It is important for all employers using social media reviews in recruiting and hiring to document their process. Any guidelines or procedures created should be maintained in print or electronic format and updated on a regular basis. If something is found during a social media review that makes the employer question the professionalism, integrity, or candor of an applicant, the employer should retain a snapshot of the questionable material for the file (Berkowitz, 2013). Of course, if an employer is unsure if their process is appropriate or if they are unsure if the material they found is grounds for adverse action, they should consult with an attorney that is well-versed in legal issues involving social media (Berkowitz, 2013).

According to the Equal Employment Opportunity Commission (EEOC), between 2009 and 2010 there has been a seven percent increase in the number of filed complaints associated with hiring practices. As a result, the EEOC has increased its staff and budget in order to deal with the increased workload (Lacey, 2011). It is possible that some of the increase in claims may result from the use of social media in recruiting and hiring practices, such as those mentioned earlier.

Employment Practices Liability and Underwriting

The International Risk Management Institute (IRMI) defines employment practices liability as “a form of liability insurance covering wrongful acts arising from the employment process. The most frequent types of claims alleged under such policies include: wrongful termination, discrimination, and sexual harassment.” Employment Practices Liability Insurance (EPLI) may be written as a stand-alone policy, which is most often claims-made (IRMI.com, 2012). For private firms and non-profits, Directors and Officers Liability (D&O) and EPL are often incorporated into the same policy (Lacey, 2011; IRMI.com, 2012).

The definition of a wrongful act for EPL can vary from coverage form to coverage form (Lacey, 2011, 2012). Some forms provide coverage only for current or past employees while leaving coverage mute for prospective employees. Purchasers of EPL coverage should be sure to review the definition of wrongful act and employee to ensure that the actions surrounding prospective employees are covered. It is in this area that employers will receive protection for recruiting and hiring practices.

The Insurance Services Office (ISO) produces both standardized stand-alone EPL coverage and an endorsement to provide coverage on their Business Owners Program, both written on a claims-made basis. Both the stand-alone coverage, EP 00 01 11 09, and the ISO Business Owners endorsement, BP 05 89 01 10, provide coverage for prospective employees and specifically indicate that hiring practices are covered. As many insurance companies manuscript their own EPL coverage forms or endorsements, it’s possible that prospective employee coverage may not be provided in all coverage forms. Reviewing coverage forms is critical to the risk manager within the company to make sure the coverage desired is actually in place.
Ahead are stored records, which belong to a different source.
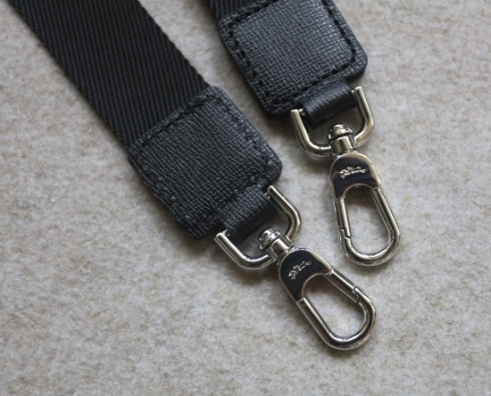 双耳的银色环扣 背带勾扣上 都有刻字 小翻盖黑皮 惯用的按扣+压印工艺
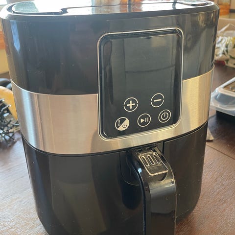 Emerio Smart Fryer Airfryer i svart farge. Utstyrt med digitalt kontrollpanel med temperaturdisplay og flere forhåndsinnstilte matlagingsprogrammer. Designet for å tilberede mat med varmluftsteknologi.
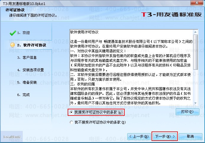 二、点击“下一步”进行用友通软件的安装。如下图所示:
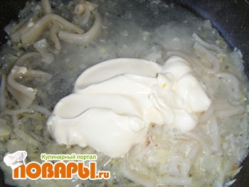 Тщательно перемешиваем. Затем кладем туда же кальмара и макароны, все смешиваем и готовим 5 минут.
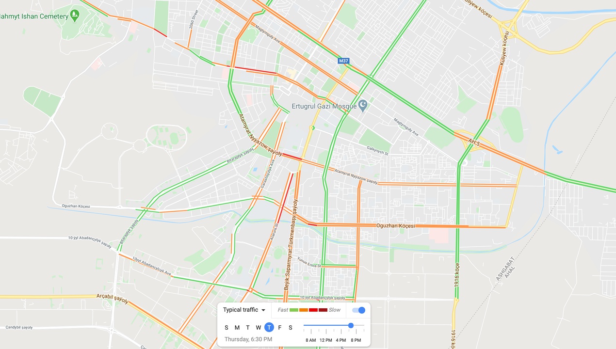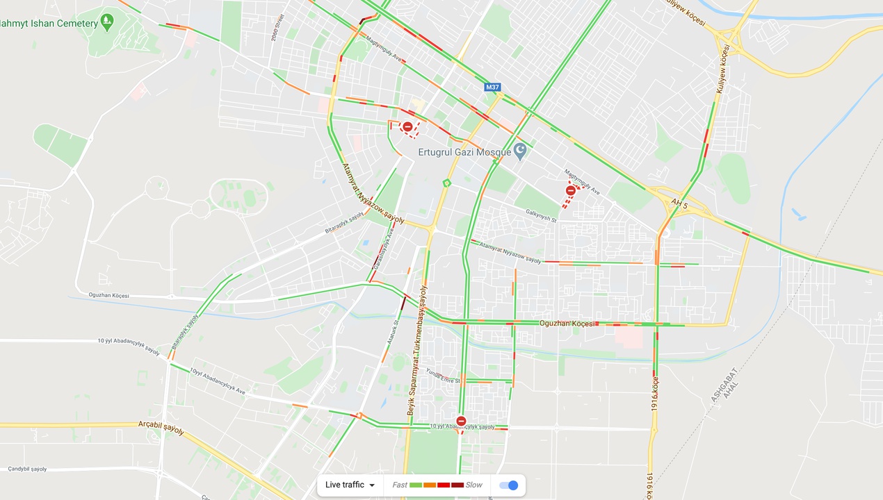Несмотря на значительные ограничения интернета в Туркменистане, сервис Google Maps получает достаточно данных о передвижениях пользователей по дорогам Ашхабада. Визуализация дорожной ситуации в городе свидетельствует о снижении активности автомобильного движения в столице Туркменистана. На некоторых улицах и вовсе не регистрируются передвижения пользователей сервисов Google.
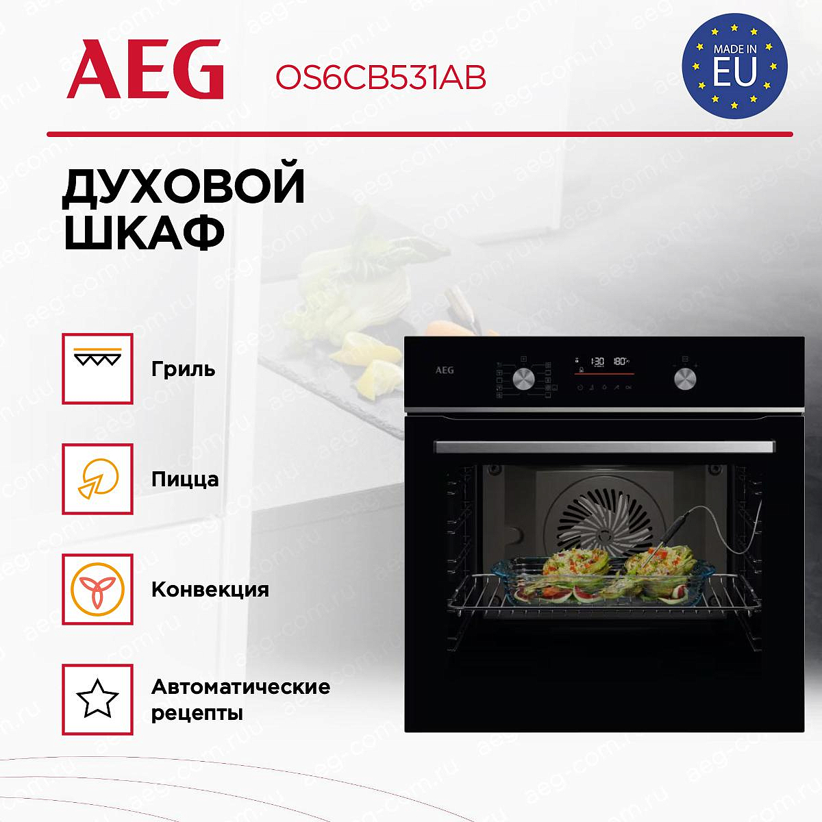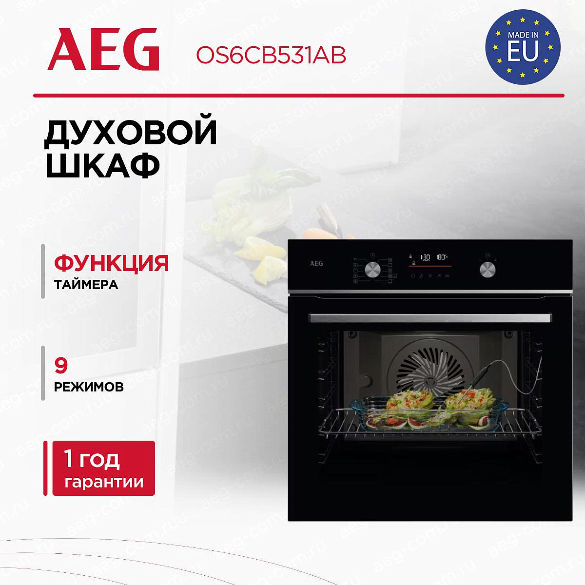 Стильный черный цвет духового шкафа подчеркивает его современный и элегантный дизайн. Он оснащен электронным типом управления, что делает его использование максимально удобным и интуитивным. Переключатели сенсорные, поворотные и утапливаемые, что облегчает управление прибором. На передней панели расположен LED дисплей, на котором отображается информация о текущем режиме работы и таймере. Духовой шкаф AEG OS6CB531AB оснащен 9 режимами приготовления, включая влажный горячий воздух, пиццу, верхний и нижний нагрев, гриль, турбогриль, разморозку и приготовление замороженных продуктов. Это делает его универсальным помощником на кухне, способным справиться с любыми кулинарными задачами.
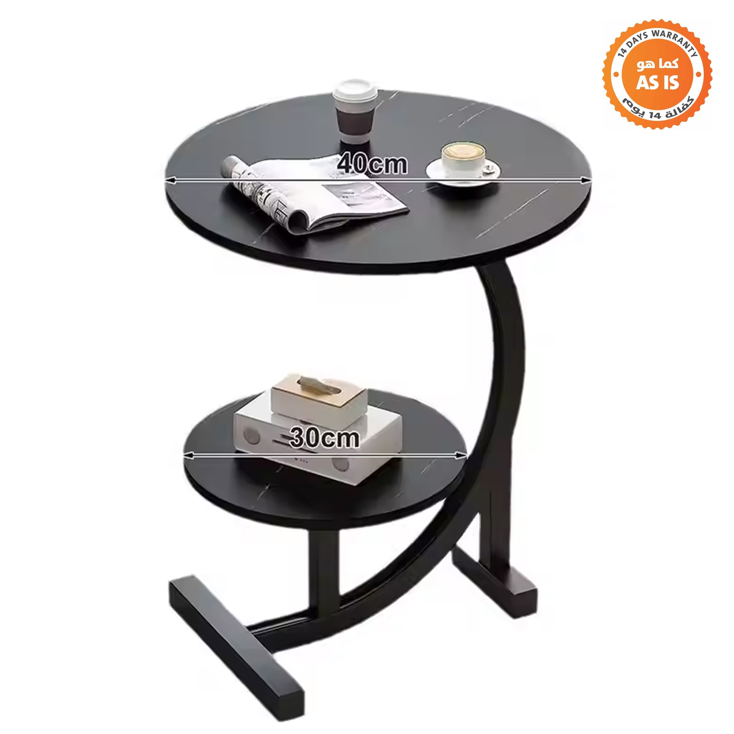طاولة جانبية دائرية حديثة بطبقتين على شكل حرف سي لغرفة المعيشة وغرفة النوم - أسود (صندوق تالف) - (كما هو)
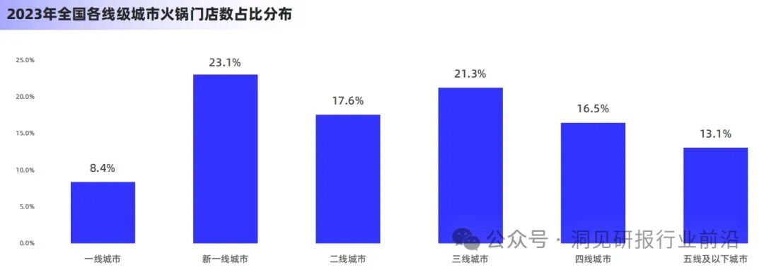 火锅门店在新一线城市分布最多,占比23.1%,在二线及以上城市门店数占比达到49.1%。
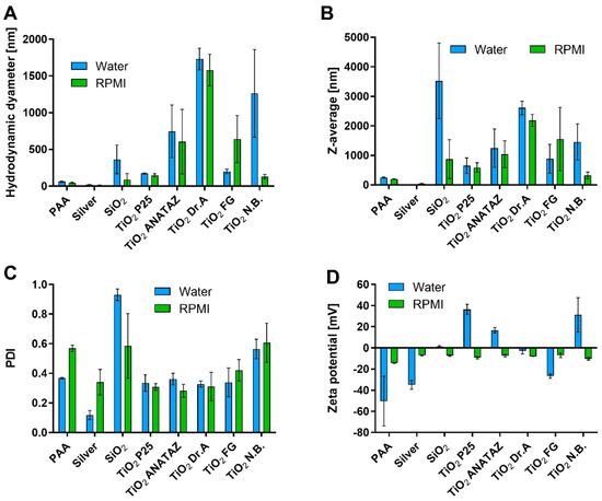 Analysis of physico-chemical properties of NPs. (A) Hydrodynamic diameter based on the particle number distribution; (B) Z-average size based on the intensity distribution and (C) polydispersity index (PDI) of the number distribution measured with DLS; (D) Zeta potential in water and RPMI media with 10% FBS (m/v). Mean values with standard error of the mean from three independent measurements are shown.
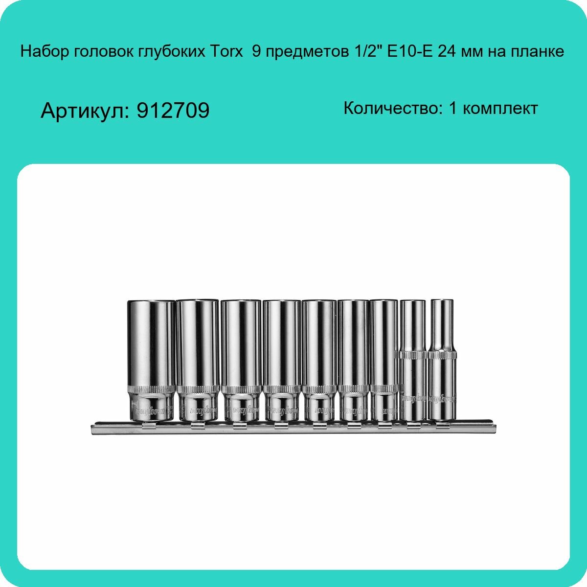 912709 Набор головок торцевых глубоких 1/2"DR на держателе, внешний TORX®, E10-E24, 9 предметов.OMBRA
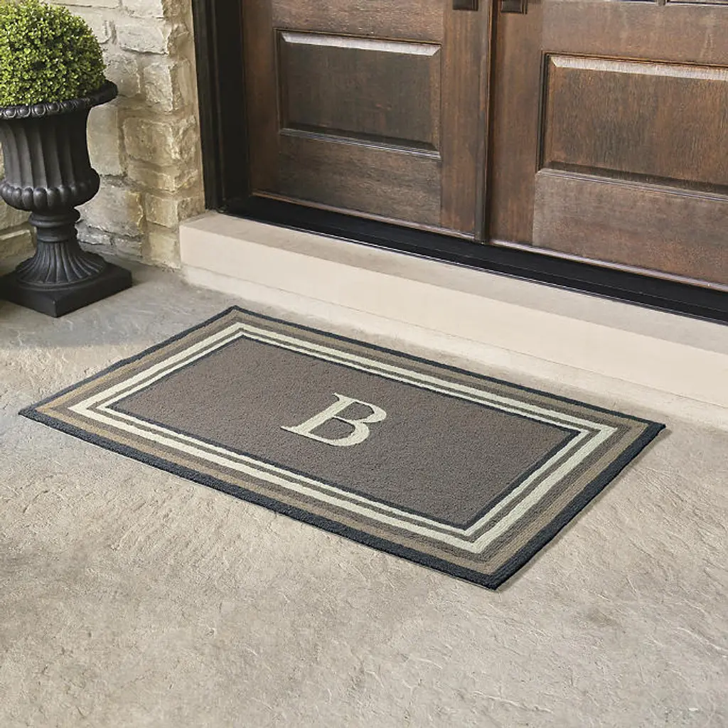 Welcome family members and guests alike with this classic gray monogrammed door mat. Hand-hooked of weather-resistant fiber, this mat has an eye-catching design that resists fading. Polyester and acrylic Color: Gray with neutral border colors Non-monogrammed option available Tufted Add an outdoor rug pad (sold separately) to increase water drainage and prevent slippingVacuum regularly and spot clean as needed Imported A Frontgate exclusive. At Frontgate, our primary focus is quality. We guarantee that every product we sell will stand up to the supreme test – our customers' satisfaction. To learn more about our policies, visit our Shipping & Processing, Returns & Exchanges and Warranty & Price Guarantee pages. Welcome family members and guests alike with this classic gray monogrammed door mat. Hand-hooked of weather-resistant fiber, this mat has an eye-catching design that resists fading. Polyester and acrylic Color: Gray with neutral border colors Non-monogrammed option available Tufted Add an outdoor rug pad (sold separately) to increase water drainage and prevent slippingVacuum regularly and spot clean as needed Imported A Frontgate exclusive. At Frontgate, our primary focus is quality. We guarantee that every product we sell will stand up to the supreme test – our customers' satisfaction. To learn more about our policies, visit our Shipping & Processing, Returns & Exchanges and Warranty & Price Guarantee pages.
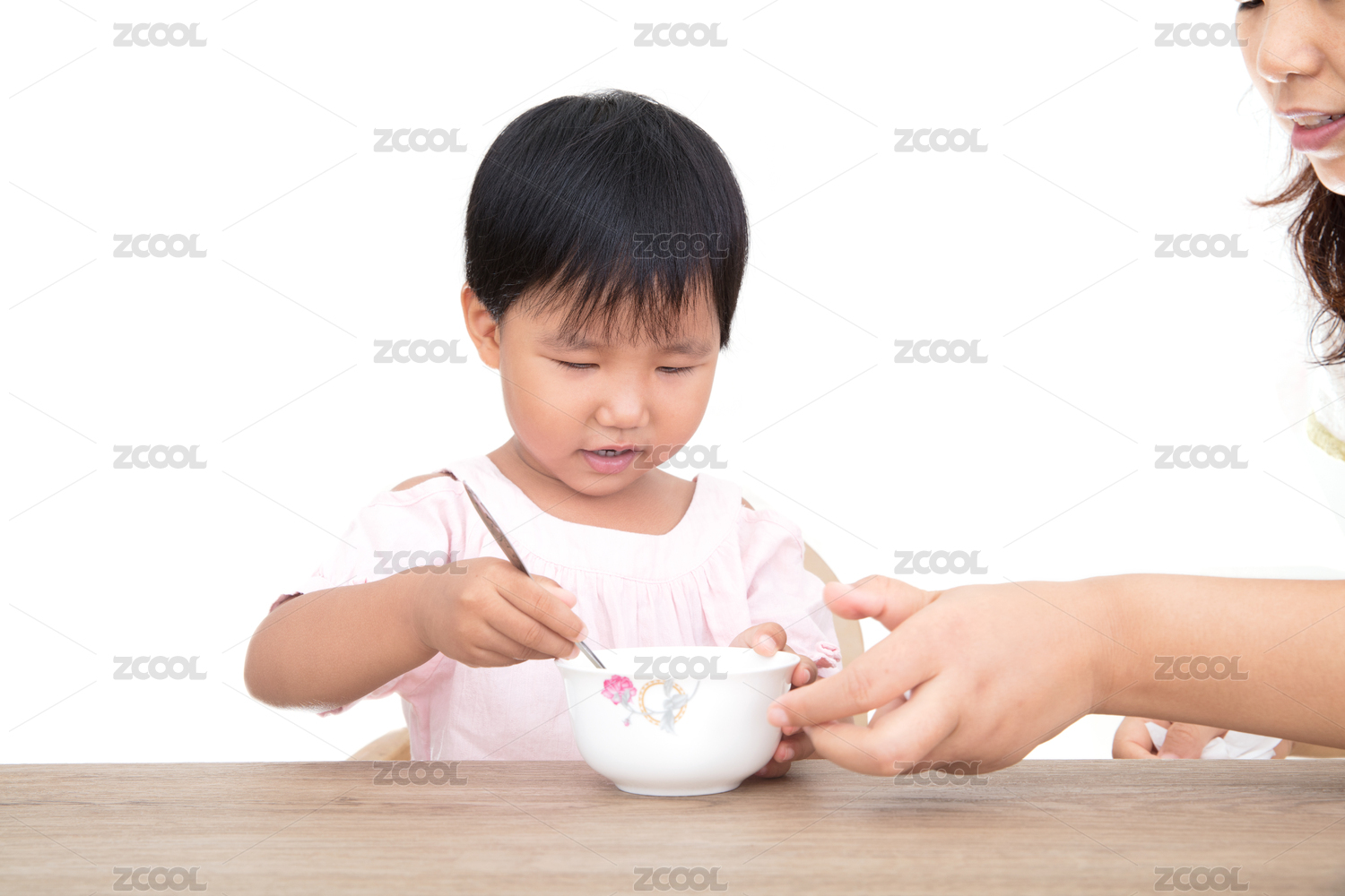 白背景前妈妈在给女儿喂饭
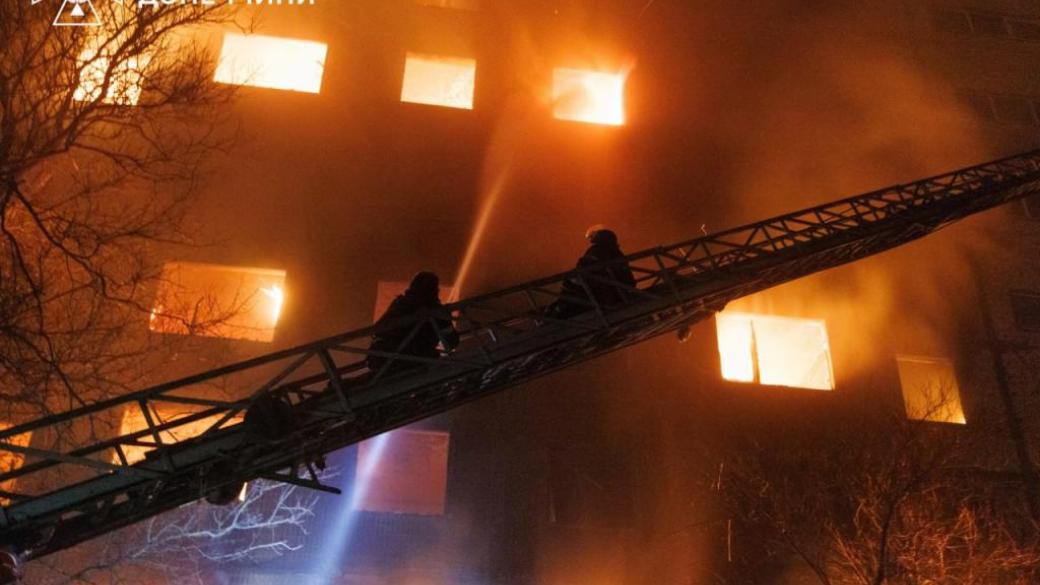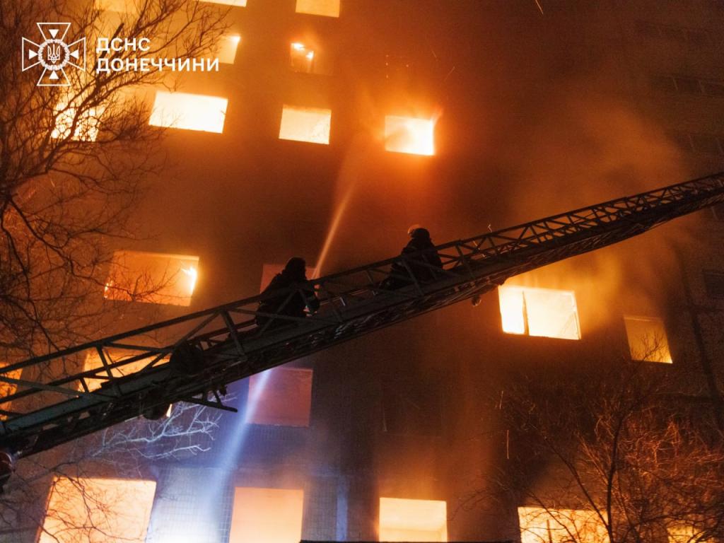 «Вчера вечером враг в очередной раз нанес удар беспилотником по Краматорску. Дрон попал в 9-этажный многоквартирный дом. Возник пожар квартир и балконов в двух подъездах с 1-го по 8-й этажи. Один человек погиб,» — говорится в сообщении ГСЧС.
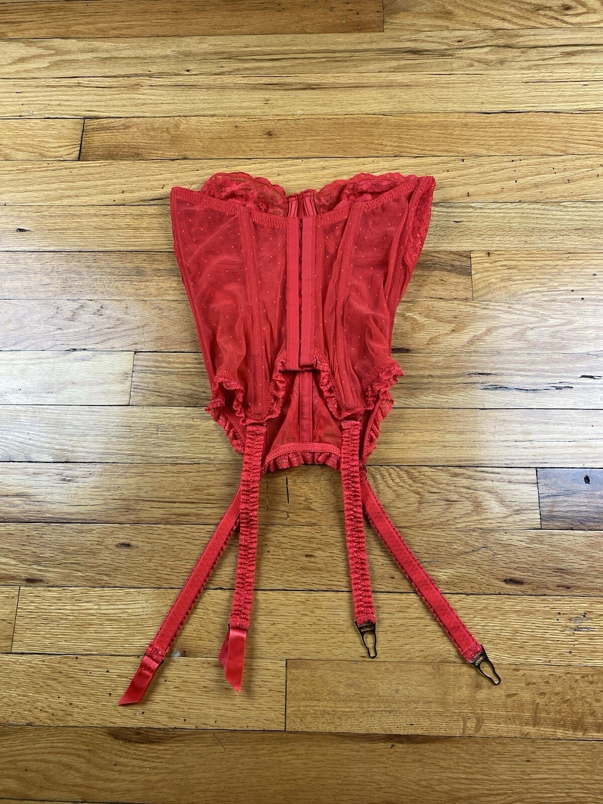 Vassarette Red Strapless Corset Size 22 inch pit 2 pit Material is Nylon beautiful condition see photos for measurements no marks no holes no stains All items are washed with none fragrant detergent.
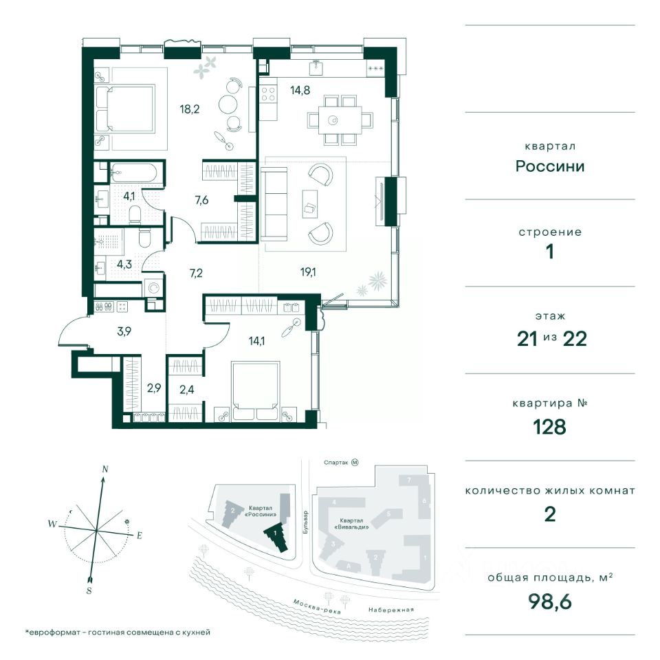 • Удобства на расстоянии приятной прогулки: супермаркеты, кафе, рестораны с верандами, салоны красоты, аптеки и многофункциональный центр для шоппинга и развлечений.
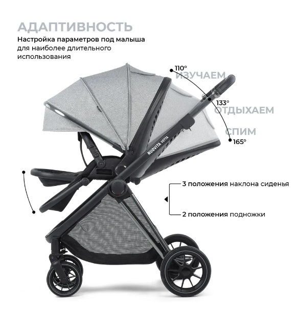 Конструкция прогулочной коляски VETTA предусматривает все необходимые регулировки и позволяет настроить параметры под растущего малыша, чтобы использовать транспорт как можно дольше. В детской прогулочной коляске VETTA два положения подножки, три варианта наклона сиденья (регулируются удобным рычаговым механизмом), три уровня крепления ремней безопасности и телескопическая родительская ручка.

When underwriting EPL coverage for potential clients, insurers may be interested in determining the types of social media reviewed by the HR departments. Although the ISO Application for Employment-Related Practices Liability Insurance asks if the employer utilizes credit reports, genetic testing, criminal record checks, physical examinations, drug/alcohol testing, psychological testing, education/credential checks, reference checks or employment history checks in their pre-hire screening, they are mute on the issue of social media reviews. The ISO application, however, does ask if there is an Internet/Electronic Communications Policy, whether it is written or electronic, and whether it is part of the employee handbook or a separate document.5 It does not, however, ask how often this policy is updated to reflect changing technology or how often the policy is reviewed with personnel.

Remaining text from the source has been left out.